[rrd-users] Re: Help with Bash script to calc end-time in multiples of 300 ?

Alex van den Bogaerdt alex at ergens.op.het.net
Sat Nov 18 14:39:00 MET 2006

On Sat, Nov 18, 2006 at 09:32:15AM +0000, Simon Hobson wrote:
> Rob Conway wrote:
> >I just use "date +%s" to get the unix time but how can I easily 
> >round this value ?
> etime=`date +%s`
> step=300
> etime=$(( ${etime} - ( ${etime} % ${step} ) ))

etime=$(( ${etime} / ${step} * ${step}  ))

is 10% faster, at least on my system. I tried this by looping 100,000
times doing those calculations, several runs.  Bash uses integer
calculations, and my sequence saves a calculation internally.
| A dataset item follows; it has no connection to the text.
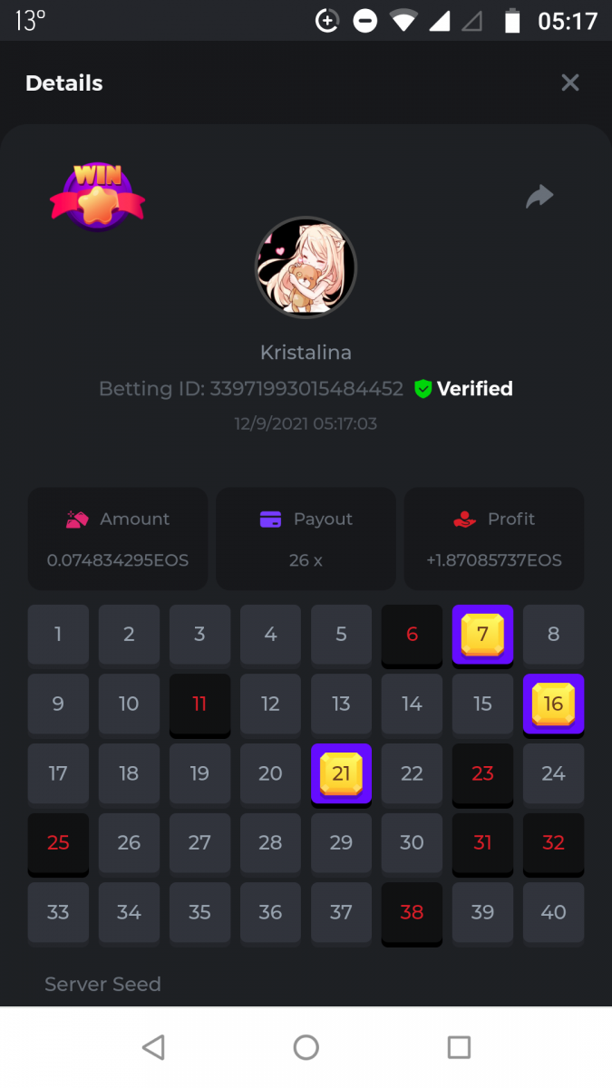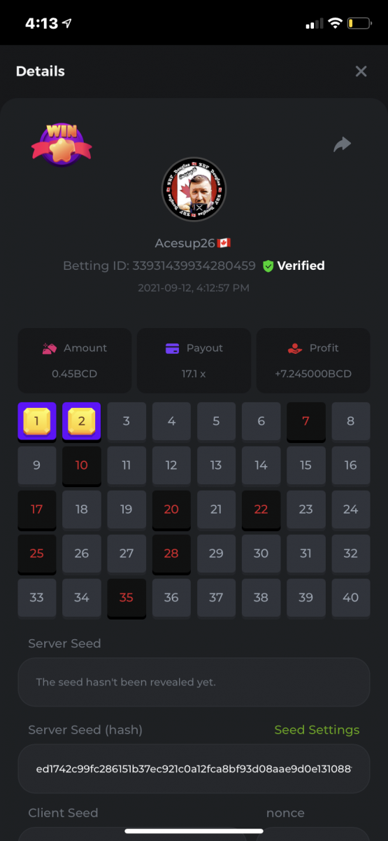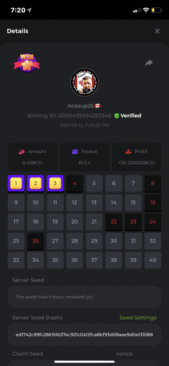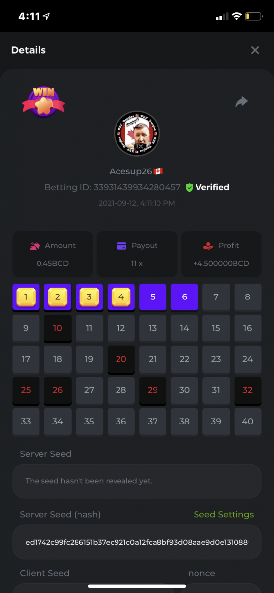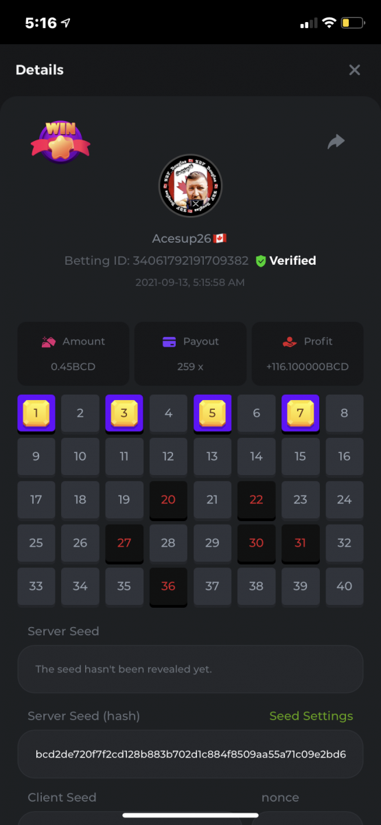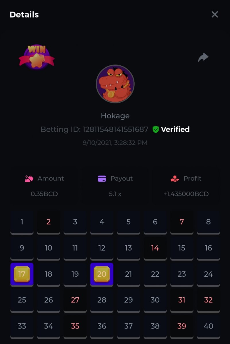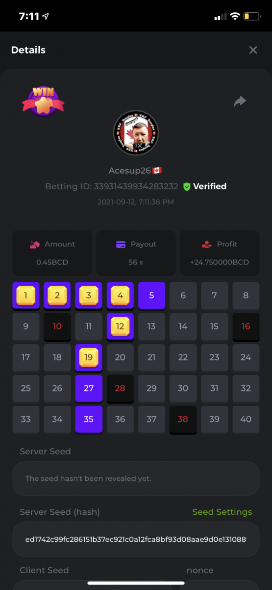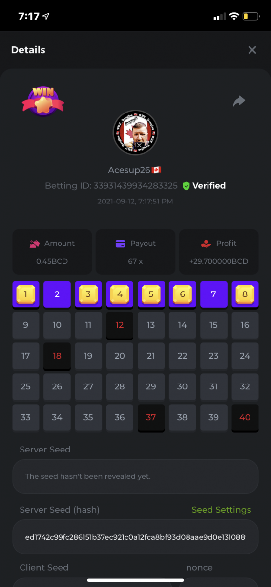 Nathsman Posted September 11, 2021 Share Posted September 11, 2021 On 6/9/2021 at 22:19, digitaldash said: DESAFÍO DE NIVEL SUPERIOR # 3 Inicio: 06:00, 7 de septiembre GMT Finaliza: 06:00, 14 de septiembre GMT ¡Bienvenido de nuevo! Quizás se pregunte por qué este desafío cuesta solo $ 2,000. Tendremos dos desafíos separados esta semana, y la segunda parte llegará muy pronto, ¡así que estén atentos a eso! ¡Esta semana, tenemos un desafío KENO! ¿Cuál es el desafío ? Complete la mayor cantidad de los siguientes 20 pagos en el modo multijugador de KENO o en el modo para un jugador de KENO . ¡Debes alcanzar un MÍNIMO de 5 de los pagos para calificar! 5.10x - 11x - 17.1x - 26x - 30x - 56x - 67x - 81.5x - 100x - 180x - 259x - 270x - 390x - 450x - 500x - 600x - 710x - 800x - 900x - 1000x Cada pago obtenido arriba cuenta como 1 punto, con un máximo de 20 puntos. Si hay un empate, el jugador con la apuesta total más alta (en USD) será el ganador. Los pagos deben ser resultados EXACTOS (56x y 50x no son lo mismo). Si no puede encontrar un pago, intente cambiar el nivel de riesgo a medio o alto. Nivel VIP mínimo Debe ser VIP10 o superior para participar en este desafío. Tamaño mínimo de la apuesta Equivalente a $ 0.35 (verifique los montos de monedas individuales a continuación) Monedas elegibles Todas las monedas son elegibles (excepto JB) Premios disponibles 1er lugar ...... $ 500 2do lugar ..... $ 375 3er puesto. .... $ 250 4to lugar ...... $ 125 5 ° al 25 ° ...... $ 25 Fondo de participación ... $ 250 dividido en partes iguales Cómo entrar Para participar, copie el ID de apuesta de la apuesta que le gustaría enviar. Una vez que lo haya copiado, publíquelo como respuesta a este hilo de la siguiente manera: ID de apuesta : 1708854428417660423 En la misma publicación, cargue una captura de pantalla de su ganancia haciendo clic en la ID del juego CON VISTA EN modo USD HABILITADO (accesible en la parte inferior del menú desplegable de su billetera en la parte superior. De esta manera, podemos asegurarnos de que su apuesta realmente cumplió con el requisito mínimo al momento de colocarlo: Combine todos sus éxitos en una SOLA publicación. Edita, no crees una nueva publicación. Las apuestas deben publicarse dentro de las 24 horas posteriores a la realización de la apuesta para que las cosas sean justas para todos. Las apuestas deben realizarse durante las ventanas de tiempo especificadas anteriormente. Este hilo se bloqueará automáticamente cuando termine el período de tiempo. Una (1) entrada por hogar . Cualquiera que intente ganar varios premios será descalificado de este desafío, así como de todos los desafíos futuros. Además, ¡irás al MURO DE LA VERGÜENZA para que todos vean que eres una estafa! Si no sigue las instrucciones, su envío será nulo y sin efecto. ¡Y que empiecen las carreras! Buena suerte a todos, esperamos ver quién gana esta semana. Link to comment Share on other sites More sharing options...

Printing the value can be done using perl, but unless you're going to
use perl for other purposes as well you are better off with gnu-date.
This runs in 44% of the time needed for starting perl:

/bin/date -d 19700101\ 00:00\ +0000\ ${etime}sec

It means: the unix epoch (19700101 00:00, timezone UTC) and then
${etime} seconds further in time (so: reverse of date +%s)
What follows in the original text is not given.